Такие приговоры не остались незамеченными, и в конце XVIII в. в обществе осознали перемены в практике наказаний за волшебство. Недаром в опубликованном в 1795 г. «Словаре натурального волшебства» его переводчик в статью «ведьма» включил собственное заключение: «Сколь страшно прежде сего было подвергнуться доносу в колдовстве, столько мало ныне жалобы таковыя уважают, либо совсем сему не верят, или не важной делают приговор»{613}.

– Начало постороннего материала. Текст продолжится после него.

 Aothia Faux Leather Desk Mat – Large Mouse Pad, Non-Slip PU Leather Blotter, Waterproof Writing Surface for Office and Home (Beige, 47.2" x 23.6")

На протяжении всего столетия представление о необходимости наказания за волшебство и «суеверие» сохраняло значение и в законодательном дискурсе, и в практике судопроизводства. Декларируя, что лучшим лекарством от суеверий является «просвещение», светская власть при этом все меньше желала видеть в суевериях чисто духовные преступления. Приравнивая суеверия к мошенничеству, к мелким уголовным деяниям, к проступкам глупцов, слабоумных и малолетних, власть все менее доверяла церкви самостоятельно решать судьбы ее паствы{614}. Да и церковь, очевидно, к этому не всегда стремилась.
И для властей, и для подданных на протяжении всего XVIII столетия понятие «волшебство» (как и понятие «суеверие») продолжало нести в себе элементы культурного конфликта. Это был конфликт между просветительским идеалом «разумной веры» и реальностью традиционной православной религиозности. Притягательность магии — вера в достижение желаемого тут же, посредством «волшебных слов» и действий — оставалась значительной, соперничая с христианским догматом о воздаянии в «будущем веце».

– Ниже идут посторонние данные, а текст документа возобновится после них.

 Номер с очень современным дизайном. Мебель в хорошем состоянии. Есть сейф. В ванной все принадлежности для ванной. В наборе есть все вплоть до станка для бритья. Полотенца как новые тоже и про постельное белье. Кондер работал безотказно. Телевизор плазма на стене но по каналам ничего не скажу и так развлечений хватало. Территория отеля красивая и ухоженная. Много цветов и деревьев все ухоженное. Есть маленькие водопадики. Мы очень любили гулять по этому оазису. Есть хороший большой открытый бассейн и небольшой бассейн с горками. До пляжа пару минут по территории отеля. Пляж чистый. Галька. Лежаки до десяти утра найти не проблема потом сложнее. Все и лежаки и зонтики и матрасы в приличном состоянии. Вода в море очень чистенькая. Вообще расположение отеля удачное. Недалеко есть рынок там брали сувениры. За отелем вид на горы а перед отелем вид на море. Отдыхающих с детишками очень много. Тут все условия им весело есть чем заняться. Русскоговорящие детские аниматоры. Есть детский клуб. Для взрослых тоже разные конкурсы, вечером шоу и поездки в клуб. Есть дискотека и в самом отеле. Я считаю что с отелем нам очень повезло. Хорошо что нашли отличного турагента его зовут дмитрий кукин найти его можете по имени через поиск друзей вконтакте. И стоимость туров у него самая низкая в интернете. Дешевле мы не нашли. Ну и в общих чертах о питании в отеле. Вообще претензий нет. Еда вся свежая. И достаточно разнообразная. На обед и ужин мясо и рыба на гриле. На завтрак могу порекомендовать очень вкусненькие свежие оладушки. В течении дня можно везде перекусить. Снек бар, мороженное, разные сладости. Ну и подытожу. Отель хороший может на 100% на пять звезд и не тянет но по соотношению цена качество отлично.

Очевидно, что за XVIII столетие магия и волшебство ушли из арсенала государственных деятелей; при помощи волшебства к концу века все реже пытались разрешать социальные конфликты. Можно согласиться с мнением А. С. Лаврова, что «наибольших успехов удалось добиться в дворянской среде, где обвиненный в колдовстве сталкивался с насмешками и осуждением»{615}. Именно в этой среде все более находилось людей, декларировавших вредность и абсурдность колдовства{616}. Вместе с тем вряд ли стоит упрощенно толковать встречающиеся в законодательстве и литературе XVIII в. замечания о том, что вера в волшебство оставалась лишь среди простонародья{617}, — «простых» разумением хватало во всех сословиях. Тем не менее, хотя магические практики тоже демонстрировали возможности приспособления к вкусам и запросам эпохи, они мало-помалу оставляли за собой все более ограниченное поле влияния.